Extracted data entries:
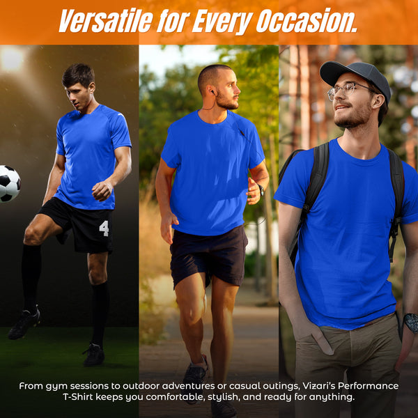 Cool and Comfy -“?Elevate your sports performance with our“?Royal Blue Performance T-Shirt. Crafted from quick-drying and moisture-wicking 100% polyester fabric, this shirt ensures you stay cool and comfortable during intense gameplay. The lightweight and breathable design provides optimal ventilation, making it your go-to choice for various sports activities. Whether youre on the basketball court, soccer field, or running track, this tee is your key to maintaining peak performance.
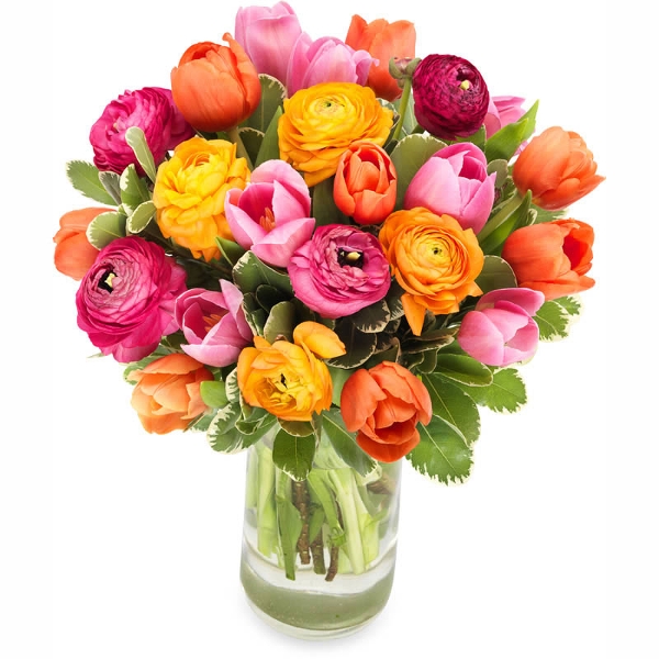 Dit boeket heeft iets bijzonders en brengt een vrolijke sfeer in huis. Door de mix van 2 grote seizoensfavorieten (tulpen en ranonkels) brengt dit boeket veel sfeer. (vaas niet inbegrepen)
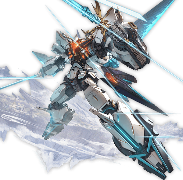 古の因果を断ち切るため、空を守る5人の意志は青と白の巨躯を繰る。闇の炎をまとった剣の一撃は黒き理を両断し、未来ある子供達のために蒼き空を取り戻す。 |
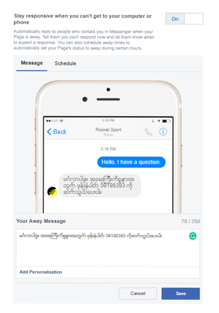 ဒါကတော့ သင့်ရုံးပိတ်ချိန် ဒါမှမဟုတ် Reply မပြန်နိုင်ချိန်တွေမှာ စာပြန်ပို့ပေးတာဖြစ်ပါတယ်။
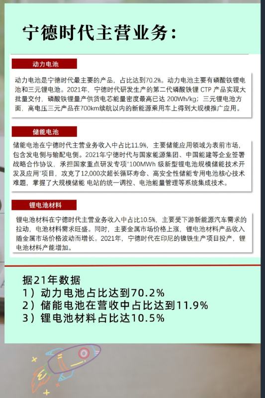 宁德时代主营业务:动力电池,动力电池是宁德时代最主要的产品,占比达到70.2%。动力电池主要有磷酸铁锂电池和三元锂电池。2021年,宁德时代研发生产的第二代磷酸铁锂CTP产品实现大批量交付,磷酸铁锞量产供货电芯能量密度最高已达200Wh/kg;三元锂电池方卤,高电压三元产品在700km续航以内的新能源乘用车上得到大规模推广应用。
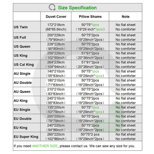 • Bedding/Duvet covers
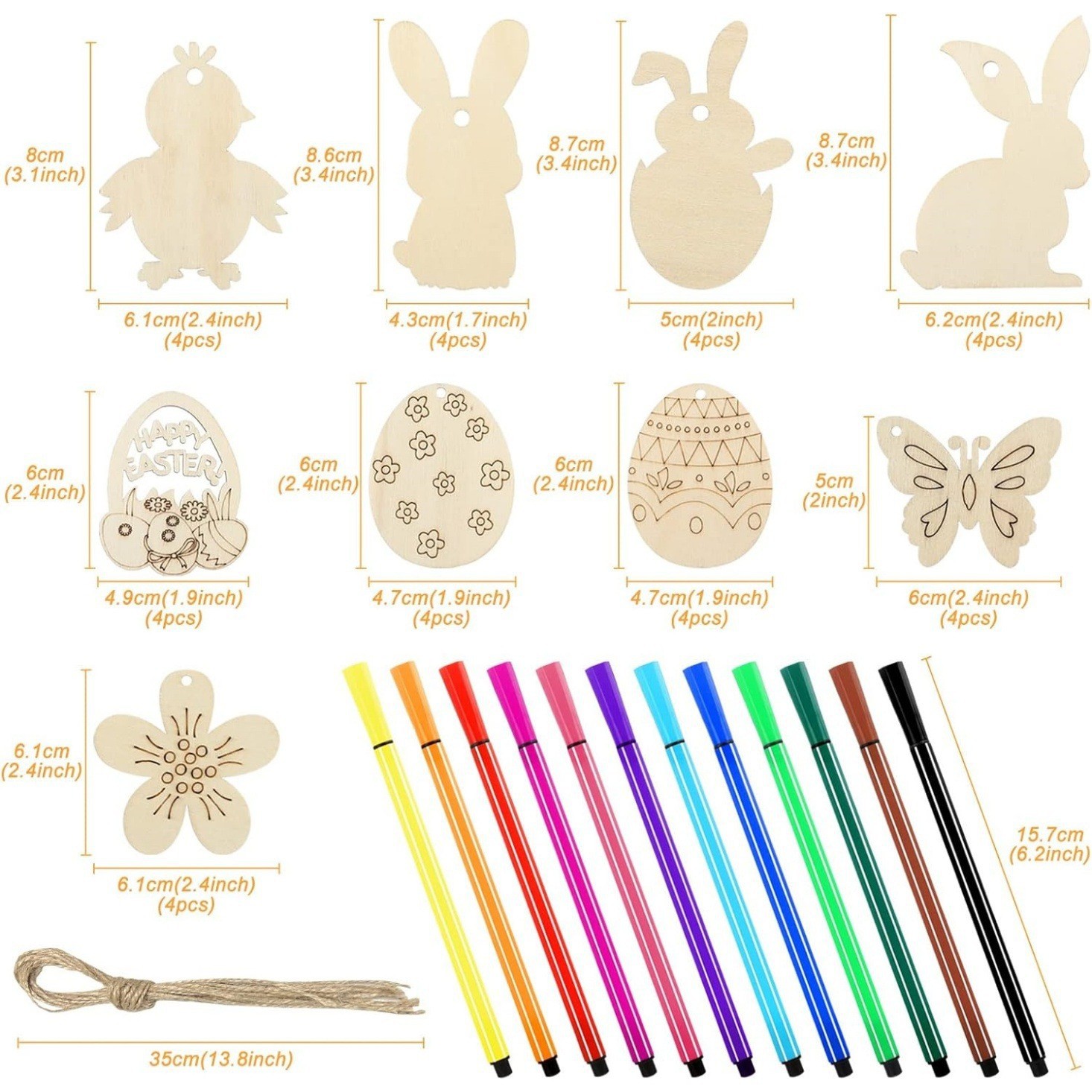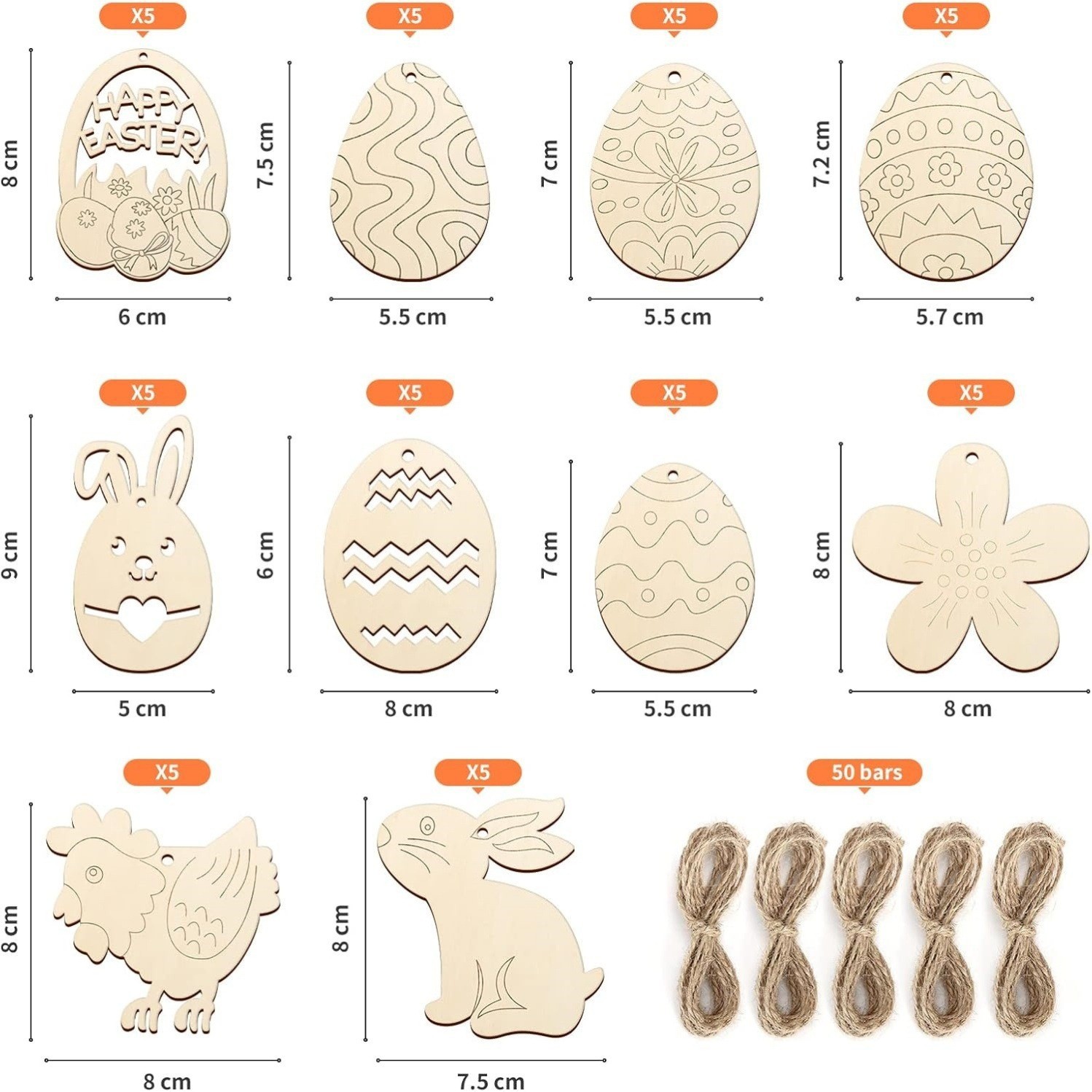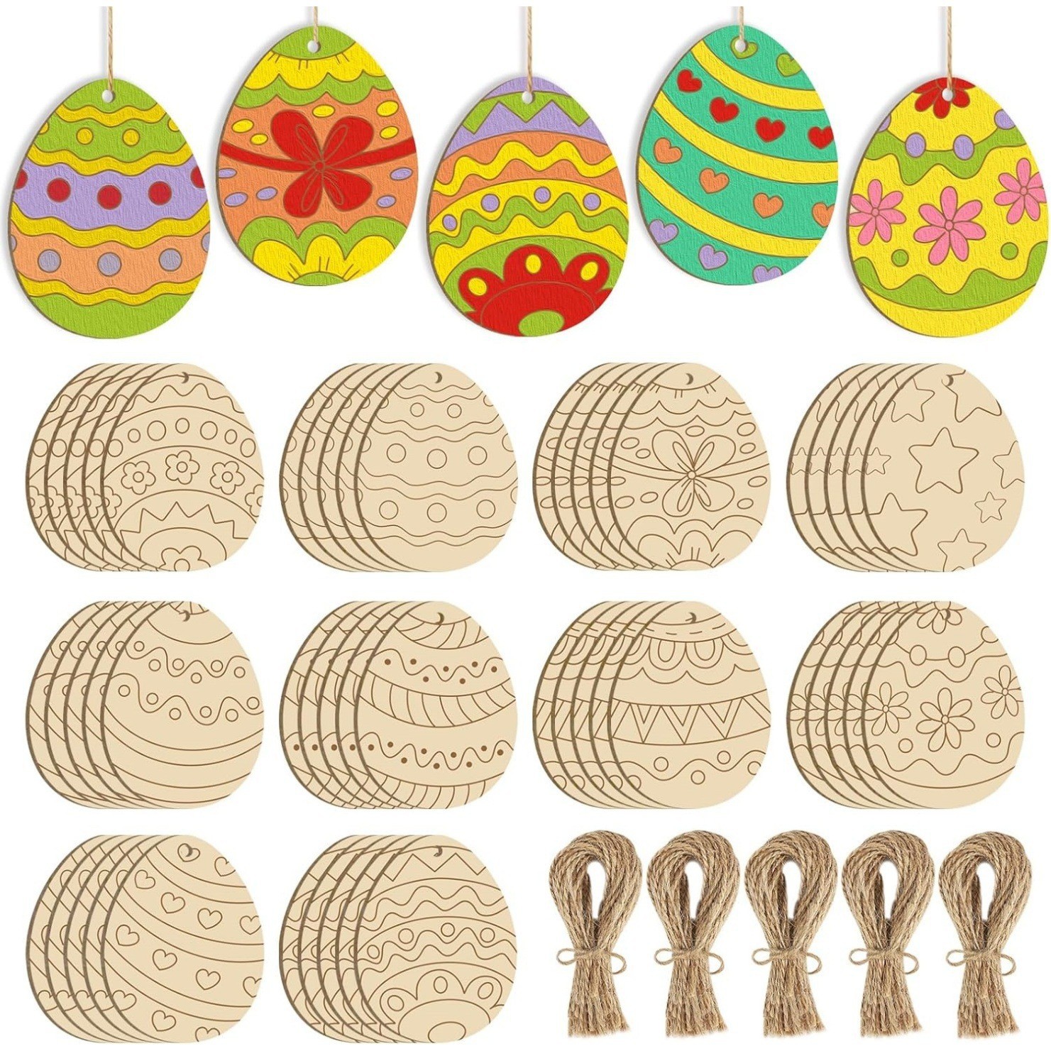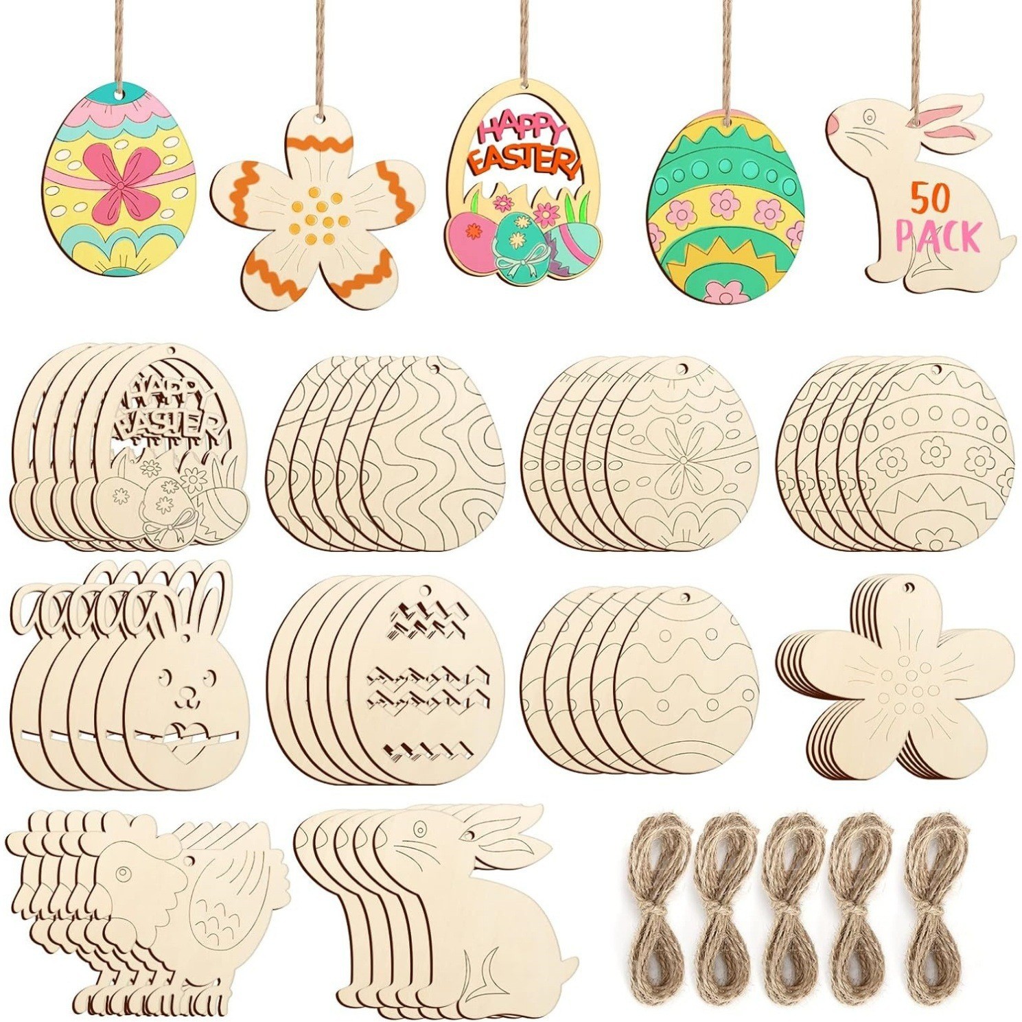 color: easter 50-piece set (10*5 pieces each) + hemp rope 5
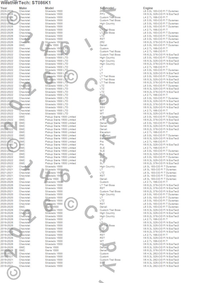 Below is an abbreviated list of applications for the Sill Protector.Pickup Sierra 1500 Limited, Sierra 1500, Silverado 1500, Silverado 1500 LTD, Chevrolet, GMC, 2026, 2025, 2024, 2023, 2022, 2021, 2020, 2019
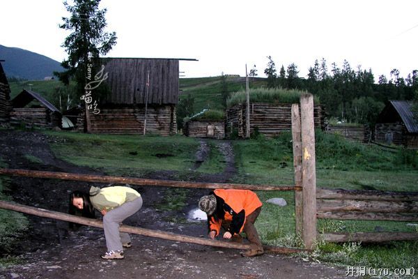 这就是我们住的“小庄园”的大门,天晚了,就把木头架起来。不过嘛,一点都不妨碍我们想出去晃晃,“我钻”
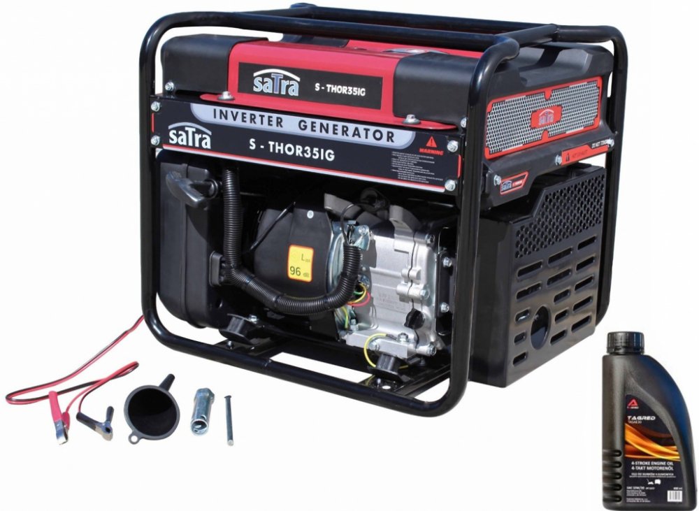 Generátor na výrobu elektřiny – elektrocentrála, max. výkon 3,5 kW, 2 zásuvky 230 V a nabíjecí kabely, přenosná – SATRA S-THOR35IG

Exercise aim.
Would you retype the entries above in full, exactly as written, minus the pictures?

Answer to the exercise.
 Cool and Comfy -“?Elevate your sports performance with our“?Royal Blue Performance T-Shirt. Crafted from quick-drying and moisture-wicking 100% polyester fabric, this shirt ensures you stay cool and comfortable during intense gameplay. The lightweight and breathable design provides optimal ventilation, making it your go-to choice for various sports activities. Whether youre on the basketball court, soccer field, or running track, this tee is your key to maintaining peak performance.
 Dit boeket heeft iets bijzonders en brengt een vrolijke sfeer in huis. Door de mix van 2 grote seizoensfavorieten (tulpen en ranonkels) brengt dit boeket veel sfeer. (vaas niet inbegrepen)
 古の因果を断ち切るため、空を守る5人の意志は青と白の巨躯を繰る。闇の炎をまとった剣の一撃は黒き理を両断し、未来ある子供達のために蒼き空を取り戻す。 |
 ဒါကတော့ သင့်ရုံးပိတ်ချိန် ဒါမှမဟုတ် Reply မပြန်နိုင်ချိန်တွေမှာ စာပြန်ပို့ပေးတာဖြစ်ပါတယ်။
 宁德时代主营业务:动力电池,动力电池是宁德时代最主要的产品,占比达到70.2%。动力电池主要有磷酸铁锂电池和三元锂电池。2021年,宁德时代研发生产的第二代磷酸铁锂CTP产品实现大批量交付,磷酸铁锞量产供货电芯能量密度最高已达200Wh/kg;三元锂电池方卤,高电压三元产品在700km续航以内的新能源乘用车上得到大规模推广应用。
 • Bedding/Duvet covers
 color: easter 50-piece set (10*5 pieces each) + hemp rope 5
 Below is an abbreviated list of applications for the Sill Protector.Pickup Sierra 1500 Limited, Sierra 1500, Silverado 1500, Silverado 1500 LTD, Chevrolet, GMC, 2026, 2025, 2024, 2023, 2022, 2021, 2020, 2019
 这就是我们住的“小庄园”的大门,天晚了,就把木头架起来。不过嘛,一点都不妨碍我们想出去晃晃,“我钻”
 Generátor na výrobu elektřiny – elektrocentrála, max. výkon 3,5 kW, 2 zásuvky 230 V a nabíjecí kabely, přenosná – SATRA S-THOR35IG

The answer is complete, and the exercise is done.